Source of Strength Doctrine. Under current FRB policy, FFC is expected to act as
a source of financial and managerial strength to its subsidiary bank and, under
appropriate circumstances, to commit resources to support such subsidiary bank.

Capital loans from FFC to its subsidiary bank is subordinate in right of payment
to deposits and certain other indebtedness of the subsidiary bank. In the event
of FFC's bankruptcy, any commitment by FFC to a federal bank regulatory agency
to maintain the capital of a subsidiary bank will be assumed by the bankruptcy
trustee and entitled to a priority of payment.

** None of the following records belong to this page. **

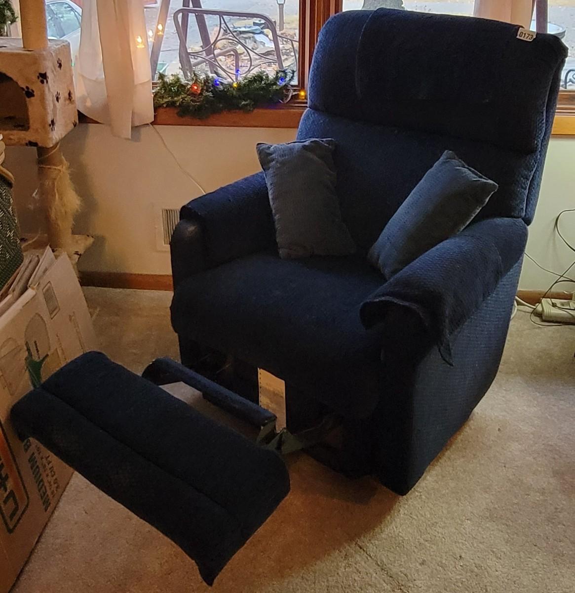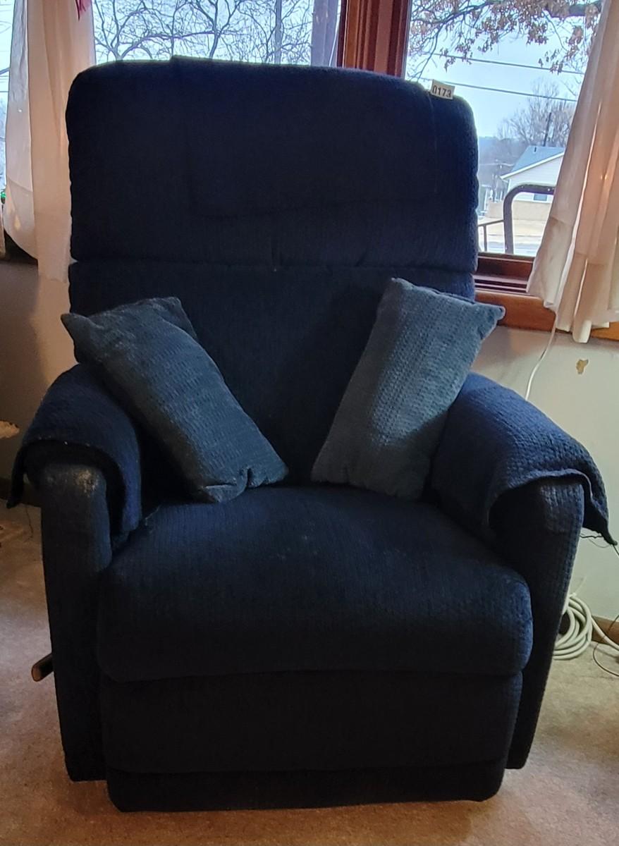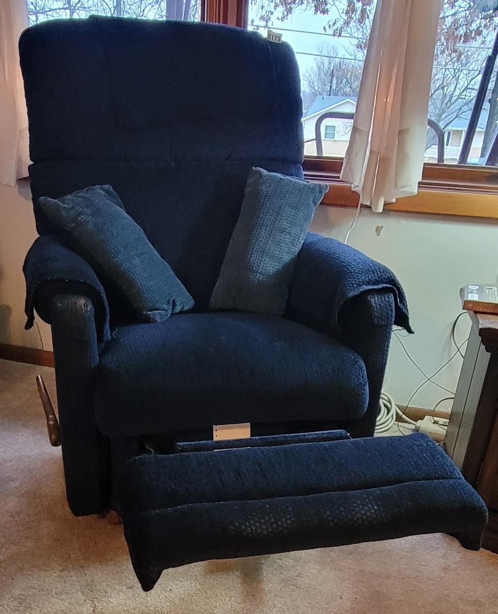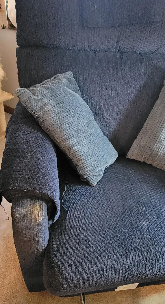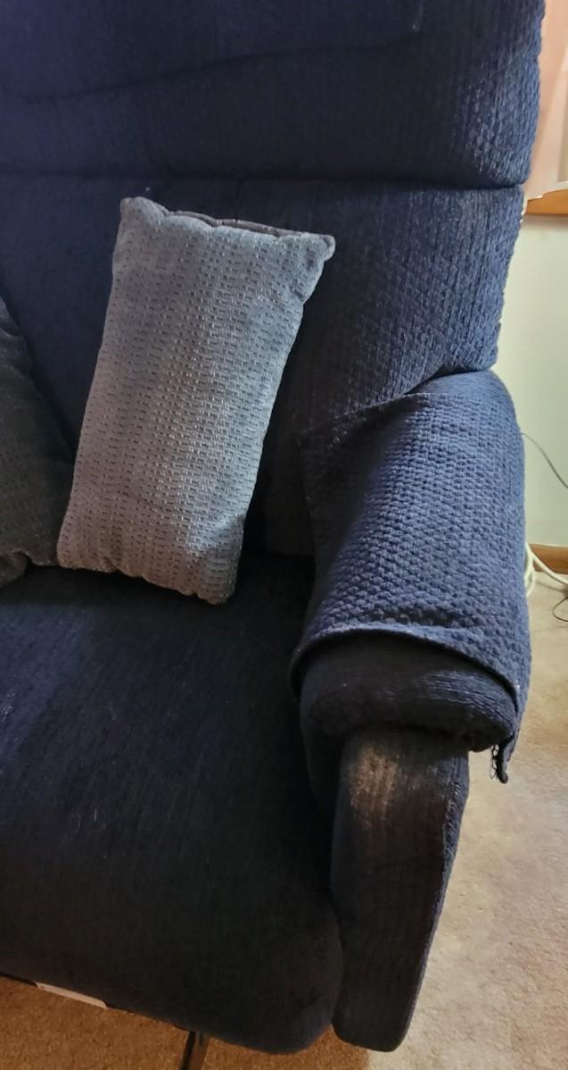 There is wear seen on the front of the arm rest. This item is comfortable and all mechanisms work as they should.
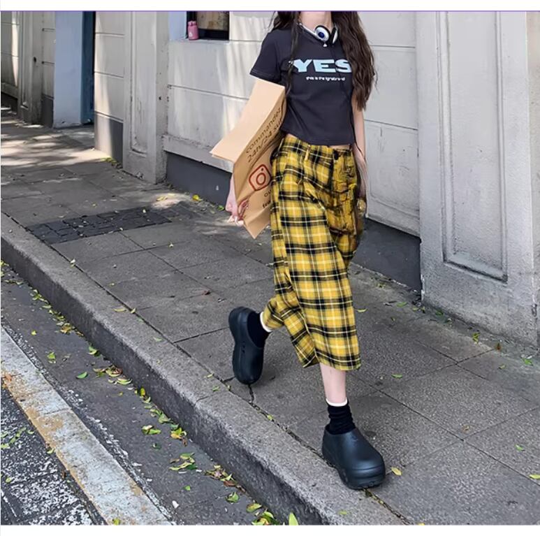 Color Block Check Pants(CF186)
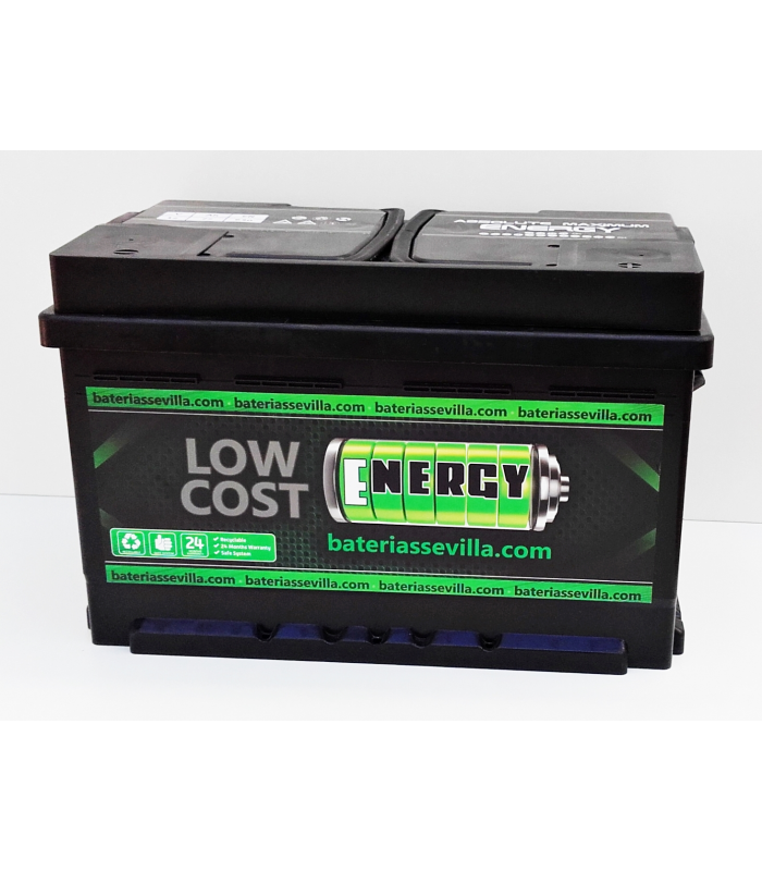 Batería de Arranque de coche de 12V y 74Ah con pico de arranque de 630A (EN). Sin mantenimiento. Con caja de las siguientes dimensiones (Largo x Ancho x Alto): 278 mm x 175 mm x 190 mm. Borne positivo a la izquierda. Pertenece a nuestra gama estándar Low Cost Energy, en la que puede encontrar una batería válida para una amplia gama estándar de turismos de los principales fabricantes: Alfa Romeo, Audi (A1, A2, A3, A4,...), BMW (serie 1, serie 3,serie5,...), Chevrolet, Citroen (C1, C3, C4, C5, Picasso, Cactus, Saxo, Xantia, Xsara,...), Dacia (Dokker, Duster, Lodgy, Logan, Sandero,...), Daewoo (Lanos, Nubira,...), Fiat (Punto, Brava, Bravo, Tipo, Panda, 500,...), Ford (Fiesta, Mondeo, Focus, B-Max, C-Max, Escort, Ka, Kuga, Tourneo, Galaxy, Taurus, Transit,...), Honda (Civic, Jazz, Accord, CR-V, HR-V,...), Hyundai (I10, I20, I30, I40,Elantra, Accent, Matrix,...), Kia (Optima, Picanto, CEE'D, Rio, Venga, Carens,...), Lada, Lancia, Mazda (mazda2, mazda 3, mazda5, mazda 6, CX-3,...), Mercedes Benz (Clase A, Clase C, Clase S, Vito, Citan, Clase B,...), Mini, Mitsubishi, Nissan (Micra, Almera, Juke, Primera, Qashqai, Vanette, Versa,...), Opel (Astra, Agila, Combo, Corsa, Insignia, Meriva, Mokka, Vectra, Vivaro, Zafira,...), Peugeot (106, 108, 206, 207, 208, 306, 307, 308, 406, 407, 1007, Traveller,...), Renault (R-19, Clio, Espace, Express, Fluence, Kangoo, Koelos, Laguna, Megane, Modus, Captur, Scenic, Trafic, Twingo, Talisman,...), Rover, SEAT (Alhambra, Altea, Arosa, Cordoba, Exeo, Ibiza, Inca, Leon, Marbella, Mii, Toledo,...), Skoda (Citigo, Fabia, Octavia, Rapid, Roomster, SuperB, Yeti,...), Suzuki (Aerio, Alto, Baleno, Vitara, Ignis, Swift, SX4,...), Tata, Toyota (Auris, Avensis, Aygo, Corolla, Verso, Cruiser, Matrix, Rav4, Vitz, Yaris,...), Wolkswagen (Arteon, Bora, Caddy, , Caravelle, Derby, Eos, Golf, Multivan, Jetta, Lupo, Beetle, Passat, Polo, Routan, Scirocco, Sharan, Tiguan, Touareg, Touran, T3, Transporter, up,...), Volvo, etc.
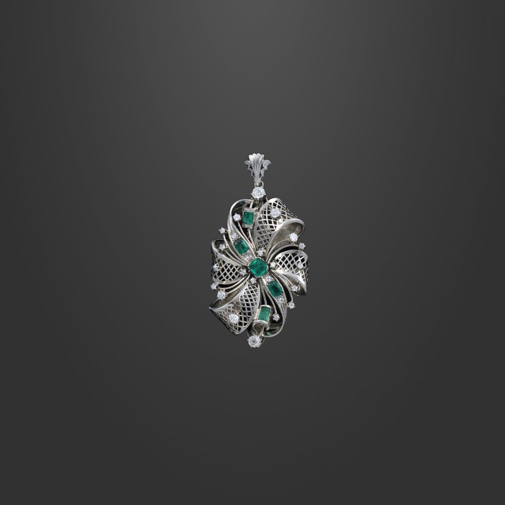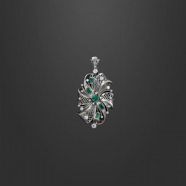 in oro bianco traforata impreziosita da smeraldi e diamanti, gr. 24,2.
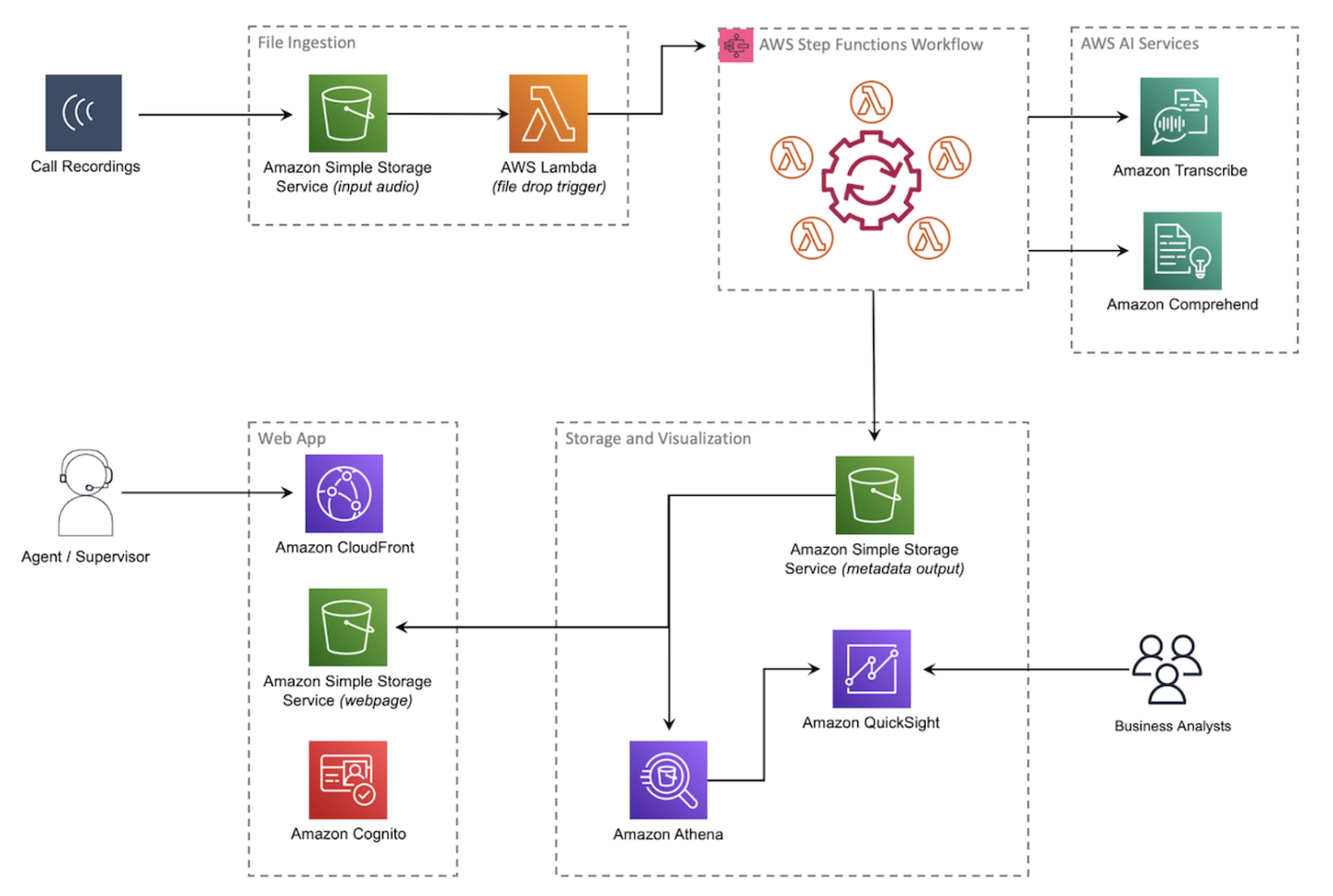 通話後分析では、コールセンターでの顧客との会話を録音した音声データをTranscribe・Comprehendを用いて分析し、顧客の感情やスタッフの対応の結果などの情報を取得します。
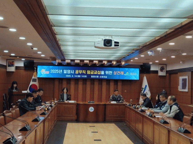 [NWS¹æ¼Û=Çѽ¸ñ ±âÀÚ]¹Ð¾ç½Ã´Â 14ÀÏ ½Ãû ¼ÒȸÀǽǿ¡¼­ ¹Ð¾ç½Ã °ø¹«Á÷ ³ëµ¿Á¶ÇÕ°ú 2025³âµµ ÀÓ±ÝÇù»óÀ» À§ÇÑ »ó°ß·Ê¸¦ °³ÃÖÇÏ¸ç º»°ÝÀûÀÎ ±³¼·¿¡ µé¾î°¬´Ù°í ¹àÇû´Ù. À̹ø »ó°ß·Ê´Â 2025³âµµ ¹Ð¾ç½Ã °ø¹«Á÷ ³ëÁ¶¿Í °øÁ¤Çϰí ÇÕ¸®ÀûÀÎ ÀÓ¡¦

Depositor Preference. The Federal Deposit Insurance Act ("FDI Act") provides
that, in the event of the "liquidation or other resolution" of an insured
depository institution, the claims of depositors of the institution, including
the claims of the FDIC as subrogee of insured depositors, and certain claims for
administrative expenses of the FDIC as a receiver will have priority over other
general unsecured claims against the institution. If an insured depository
institution fails, insured and uninsured depositors, along with the FDIC, will
have priority in payment ahead of unsecured, nondeposit creditors, including
FFC, with respect to any extensions of credit they have made to such insured
depository institution.

Regulatory Agencies

Bank Holding Company. FFC, as a bank holding company, is subject to regulation
under the Bank Holding Company Act and to inspection, examination and
supervision by the Board of Governors of the Federal Reserve System (Federal
Reserve Board) ("FRB") under the Bank Holding Company Act. As of October 28,
2000, FFC became a financial holding company under the Bank Holding Company Act.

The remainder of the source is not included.